Generally, surveillance video sequences contain static scenes with highly similar frames. Usually, these similar frames are used to tamper video contents by removing or duplicating video shots within the video sequence, without leaving any obvious signs of fraud. The aforementioned approaches divide forged video sequences into overlapping subsequences, and then the similarities between these subsequences are computed to find the duplicated frames. Furthermore, these approaches usually depend on global thresholds with predefined values during the frame duplication detection process. These thresholds can potentially be appropriate for one scenario and ineffective for another. Furthermore, many duplicated frame pairs are misdetected by these approaches and so many false positive frames exist. Additionally, it limits the generality of these approaches.

Overall, the existing approaches may have some problems, e.g., low forgery detection rate in stable scenes, inability to find the exact location of the duplicated frames, and high computational complexity. So, it may not be suitable for detecting and localizing inter-frame duplication forgeries in real-time applications because these methods are based on dividing video sequences into small sub-sequences, which require more time. Furthermore, these methods require high hardware specifications and much data. Therefore, there is still a need for improvements, especially in the speed and accuracy of the proposed methods. In this paper, we proposed a robust frame duplication forgery detection method. Extensive experiments and comparisons on two different datasets are carried out to evaluate the performance of the proposed approach. The experimental results show that the proposed approach outperforms other SOTA methods, and the proposed approach is presented in detail in the following Section 3.

3. Proposed Method

Generally, surveillance videos consist of static scenes (similar frames), which can be used as a useful tool for removing or duplicating events within the video sequence to produce new tampered videos with duplicated frames without leaving any visual traces of forgery. However, video frames in static scenes are not exactly the same based on their intensity values due to the existence of noise disturbance during the video acquisition step. The GLCM textural features’ operators for video frames can be used for detecting duplicated frames efficiently without dividing video frames into overlapping sub-sequences as in the literature. Figure 2 shows the GLCM textural features (Contrast, Correlation, Energy, and Homogeneity) of original and tampered video sequences, where the original frames (from 1:20) and tampered frames (from 301:320) have the same GLCM values in the tampered video sequence, which indicates the existence of frame duplication forgery, as indicated in the red box.

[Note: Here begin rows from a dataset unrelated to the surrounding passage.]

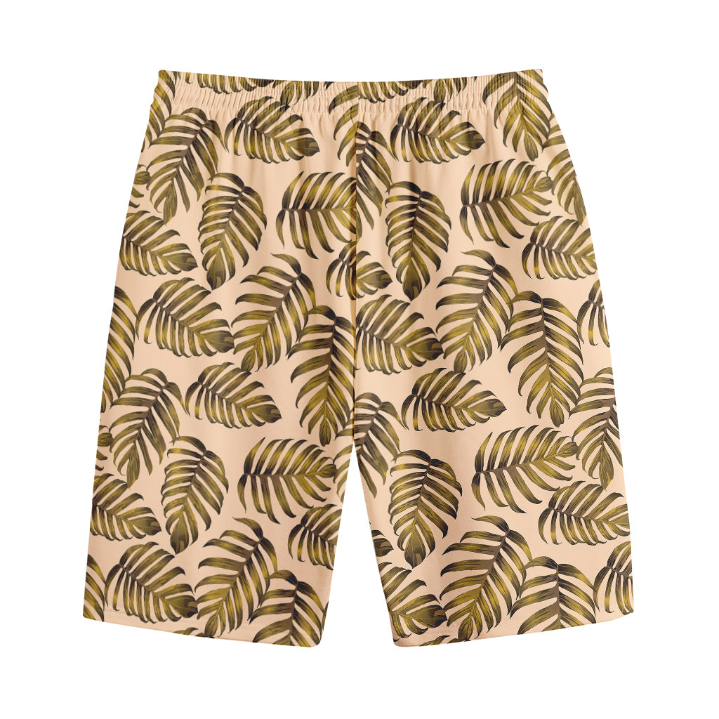 Yellow Monstera Leaves Pattern Print Cotton Shorts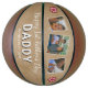 Happy 1st Father`s Day Daddy Keepsake 3 Photo Basketball. Rustic old paper beige background with cute flowers, the text is trendy white. Personalise with three photos, your name and the year. You can change daddy to dad, papa, pap,... This custom and personalised basketball is a perfect gift for a new dad on his 1st Father`s Day and sweet keepsake basketball for a dad who loves sports.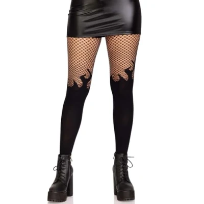 Leg Avenue Women's Opaque Flame Tights with Fishnet Top Costume Hosiery, 40 den, Black, One Size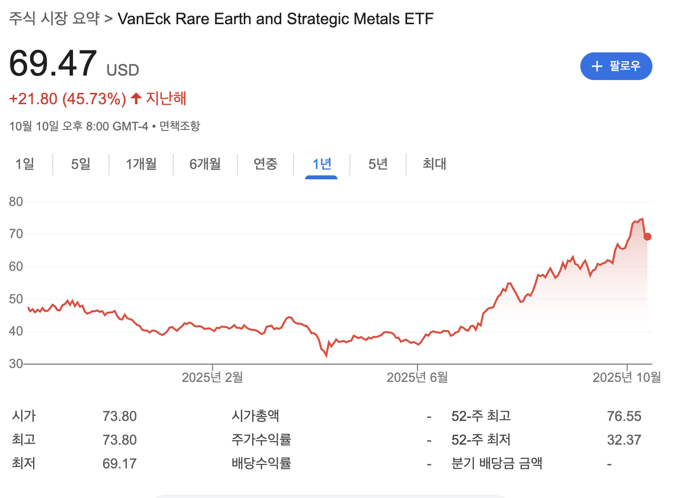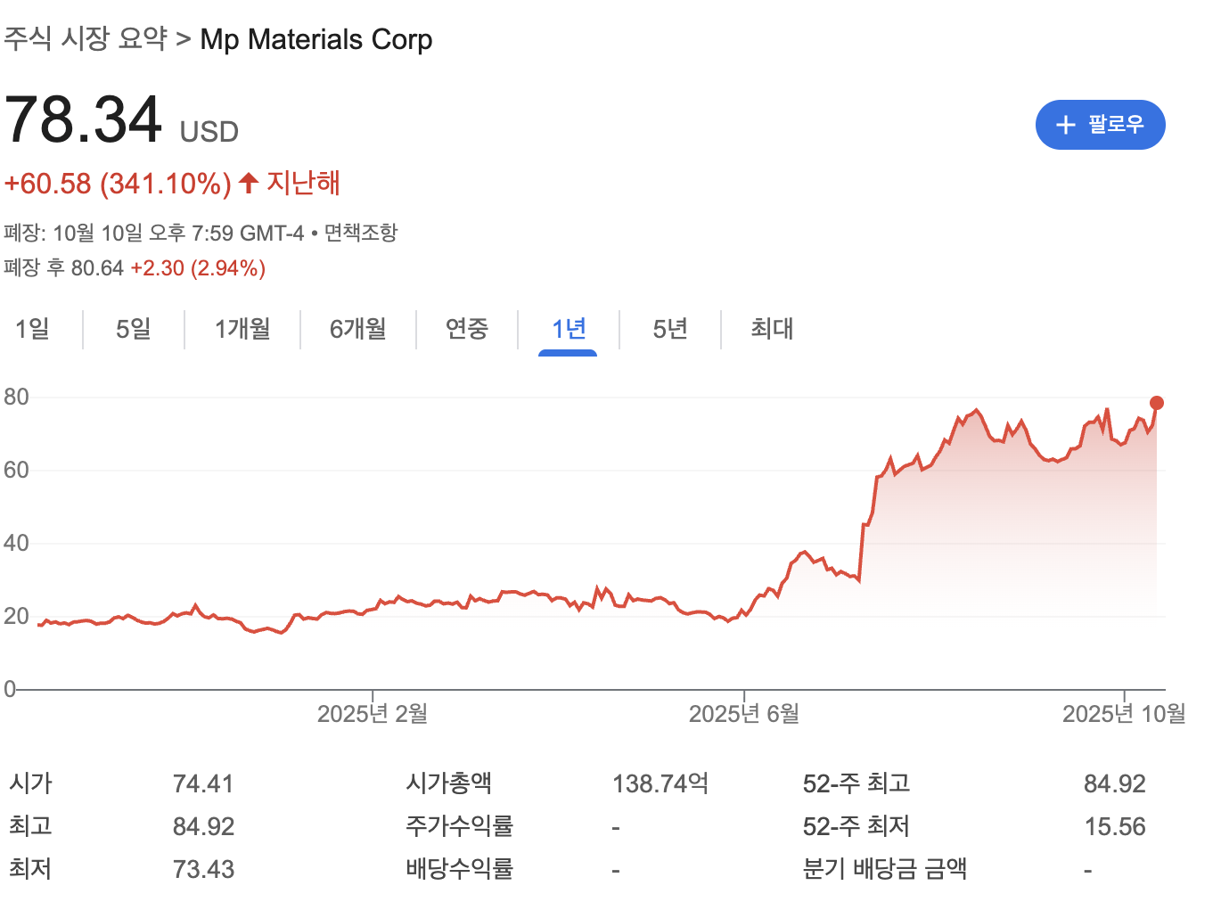 2025년 10월 기준, MP Materials 주가는 $78로 지난 1년간 350% 급등했어요! 6개월만 봐도 180% 이상 올랐죠. 😱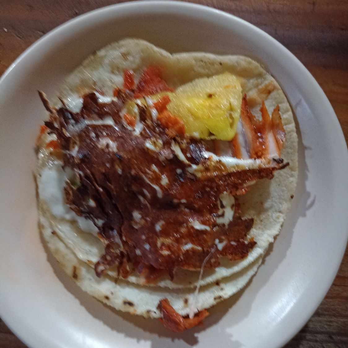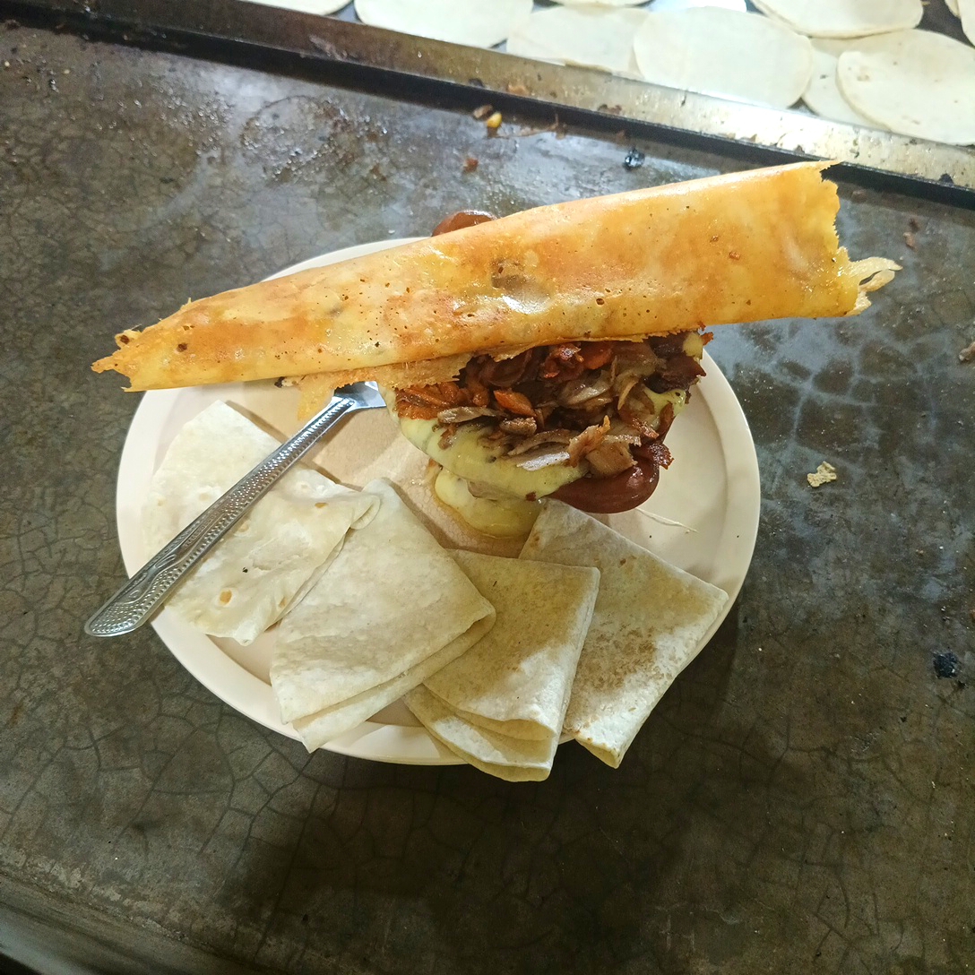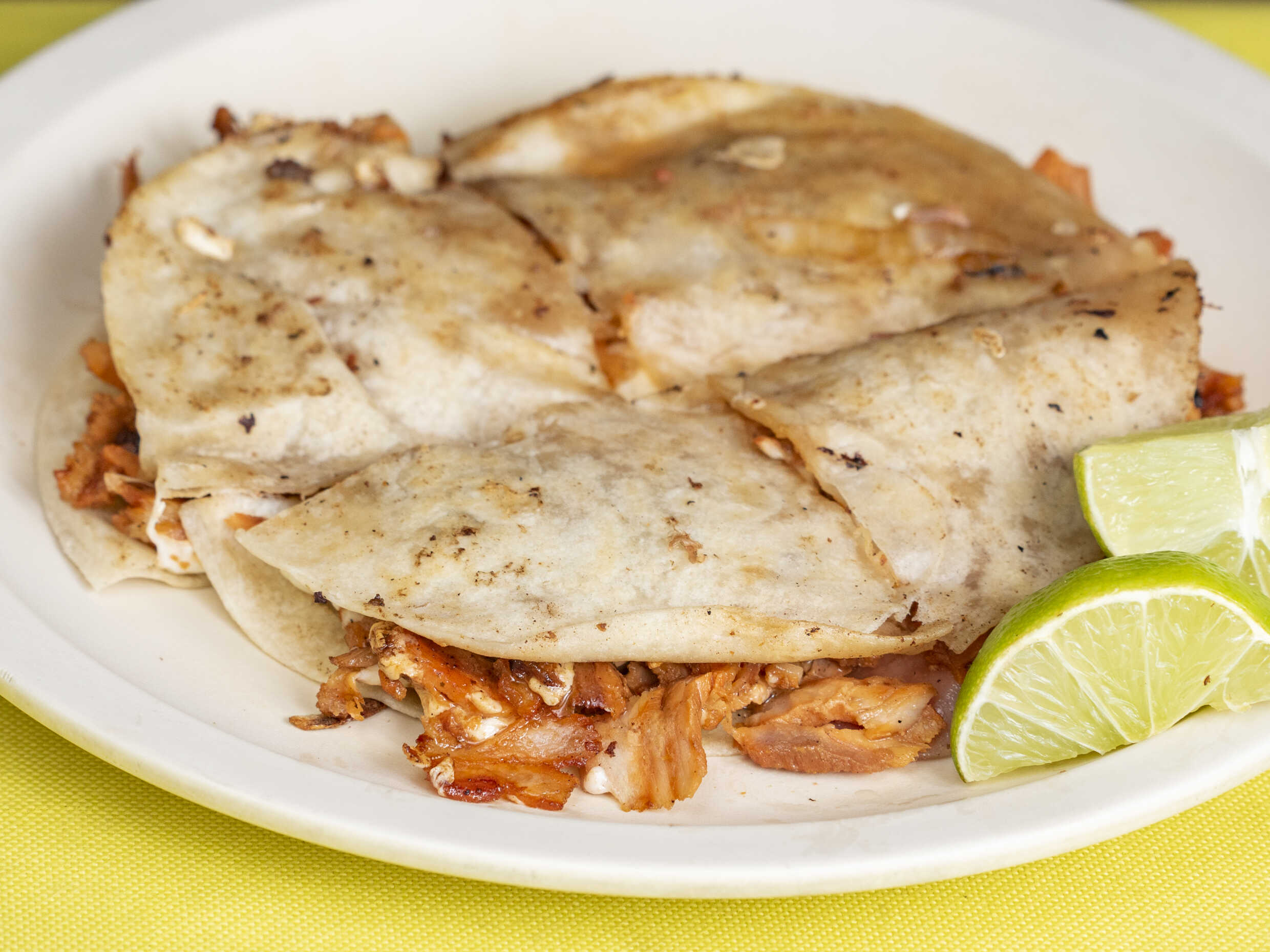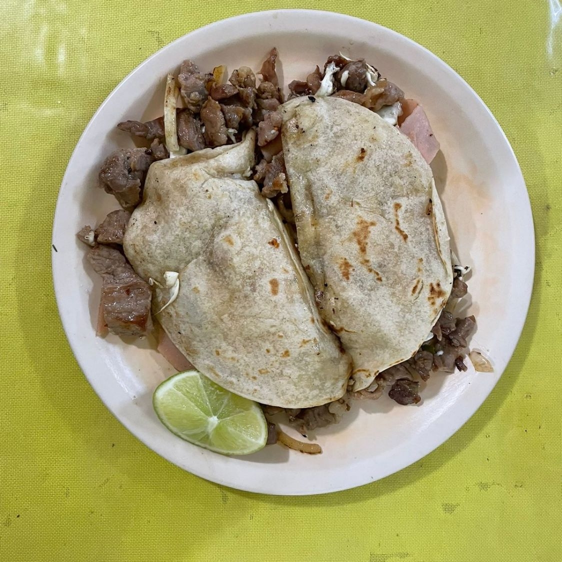 2 Tortillas de harina, carne al pastor, o al carbón o mixta, jamón, queso y queso amarillo.

Figure 2. Illustrations of the GLCM textural features for the original and forged videos: (1st column) GLCM textural features for the original video; (2nd column) GLCM textural features for the forged video with frame duplication. Original video sequence (akio video) comes from Video Trace Library dataset [19] (where frames from 1 to 20 are copied and then pasted into the frame location from 301 to 320, as indicated in the red box).

Furthermore, we extract other statistical features from the video sequences and then combine them with the GLCM textural features to represent the final feature vector for each tampered video sequence. The statistical features used are Entropy, the Root-Mean-Square level, Standard deviation, and Variance. Figure 3 shows the statistical features that are combined with GLCM features, where the original frames (from 1:20) and tampered frames (from 301:320) have the same statistical values in the tampered video sequence, as indicated in the red box.

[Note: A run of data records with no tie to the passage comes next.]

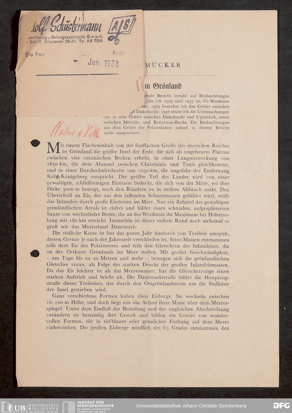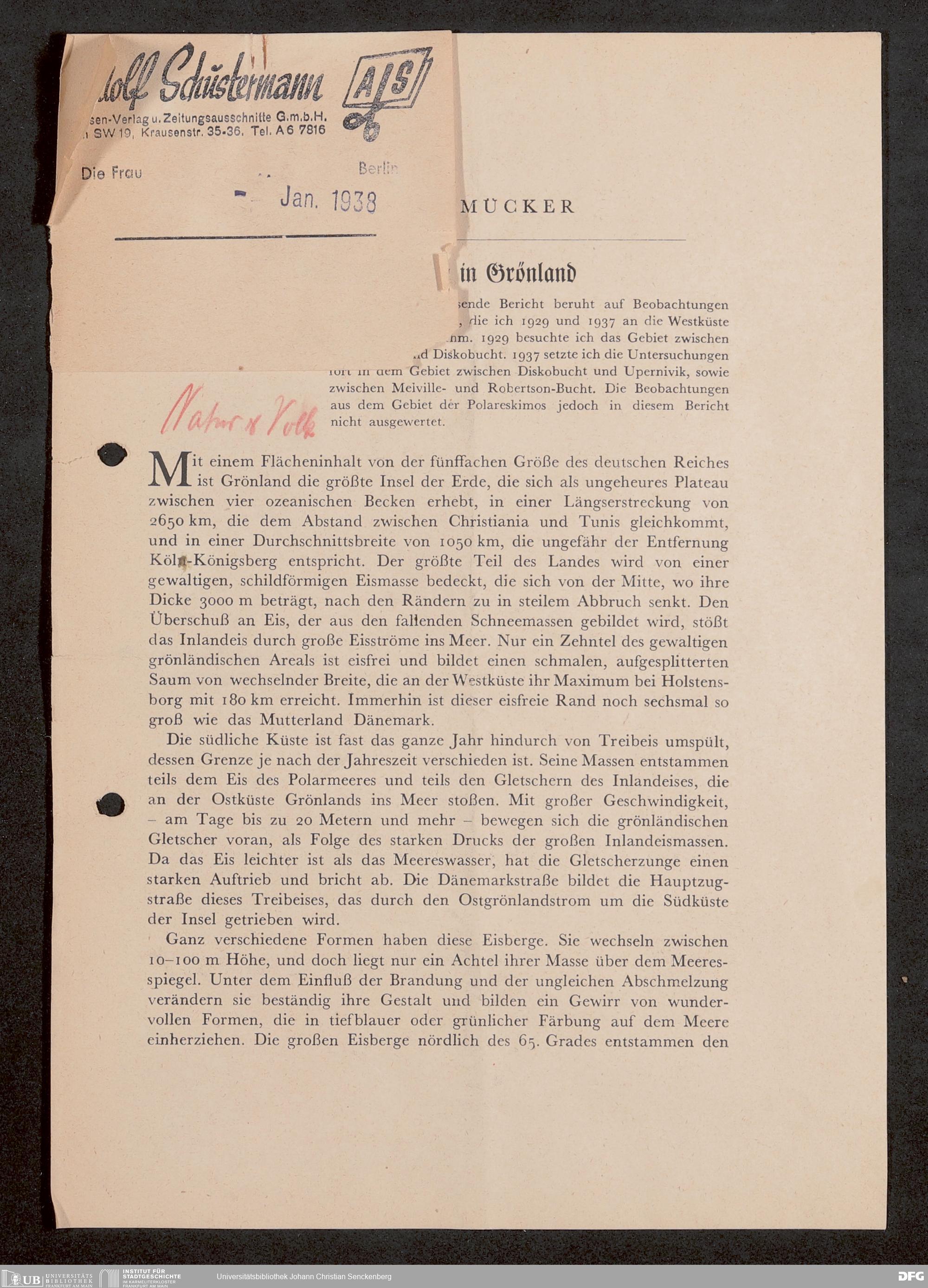 V176 Senckenberg Gesellschaft für Naturforschung, 647 - Rezensionen zu "Natur und Museum" bzw. "Natur und Volk"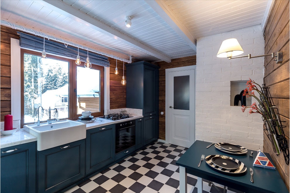 Кухонные фасады в насыщенной синей палитре с патиной, которая отлично комбинирует с белым потолком и древесными ореховыми стенами. Столешница изготовлена из светлого мрамора с темными разводами. На полу черно-белая плитка в шахматной раскладке заметно освежает интерьер, делает его более интересным и динамичным.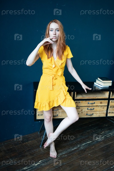 Молодая красивая женщина позирует в желтом платье в студии

Figure 3. Illustrations of the selected statistical features for the original and forged videos: (1st column) statistical features for the original video; (2nd column) statistical features for the forged video with frame duplication. Original video sequence (akio video) comes from Video Trace Library dataset [19] (where frames from 1 to 20 are copied and then pasted into the frame location from 301 to 320).

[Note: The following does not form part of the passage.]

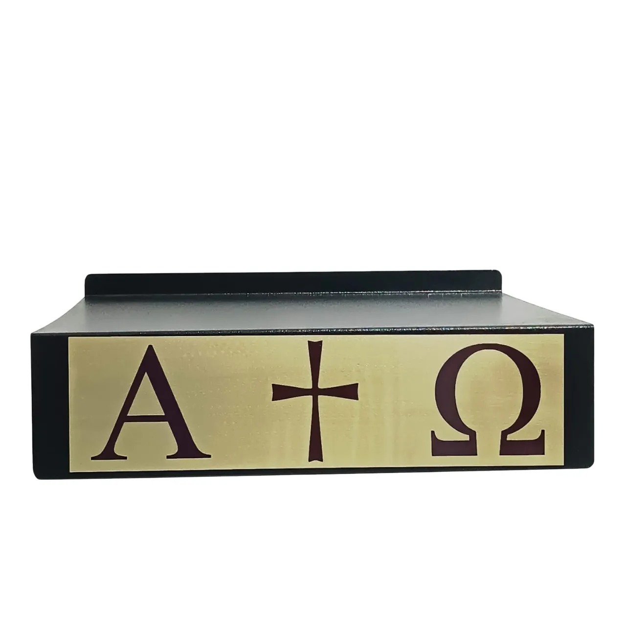 A Estante de Altar Alfa e Ômega com Cruz é uma estante para Altar fabricada em ferro com aplique em metal.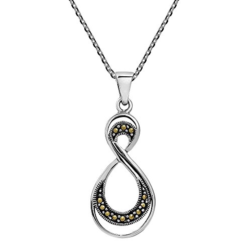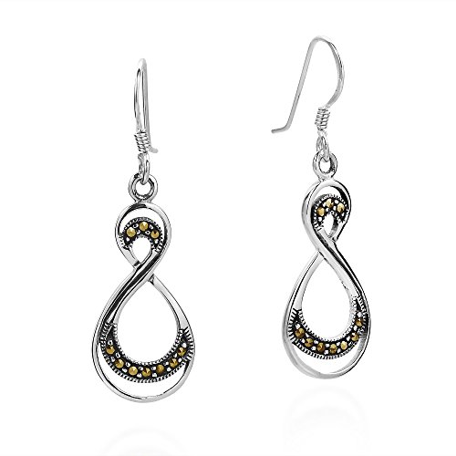 Artisan Amp presents this symbolic double infinity necklace and earrings jewelry set. Express your affection with this dazzling jewelry set that conveys the message 'I'll love you forever'. The set is crafted of .925 sterling silver and embellished with iron pyrite. PLEASE NOTE: The handcrafted nature of this product will produce minor differences in design, sizing and weight. Variations will occur from piece to piece, measurements may vary slightly.Includes an original AERAVIDA organza jewelry pouch (comes in various colors), also handmade by our Artisans. Perfect for gift giving to someone special or keep for yourself!

The main steps of the proposed method can be seen in Figure 4.

Figure 4. General framework of the proposed method.

3.1. 2-D Wavelet Decomposition

The tensor product of the one-dimensional wavelet and scaling function is usually used to obtain 2-D wavelet decomposition and its scaling function. In 2-D wavelet decomposition, the approximation coefficient matrix at level j is decomposed into four parts: the detail coefficients in three directions (horizontal, vertical, and diagonal), and the approximation coefficient at level j + 1 [20]. Four sub-bands are created at each transformation level in an image that is subjected to the Haar wavelet transformation. The first sub-band represents the input image that has been compressed to half and filtered using a low pass filter (LPF). This sub-band is also called “approximation coefficients matrix cA”. The high pass filter (HPF) is applied on the remaining three sub-bands, which are called “details coefficients matrices” (horizontal “cH”, vertical “cV”, and diagonal “cD”). The size of each sub-band is reduced by half. The LPF is an averaging operator, which contains the useless information, whereas HPF is a differential operator, which contains the detailed information. As shown in Figure 5, the upper left side of the figure contains the approximation coefficients, while the down and right side contain the details coefficients.

Figure 5. The 2-D wavelet decomposition of an input image into approximation and details sub-bands using single level 2-D DWT.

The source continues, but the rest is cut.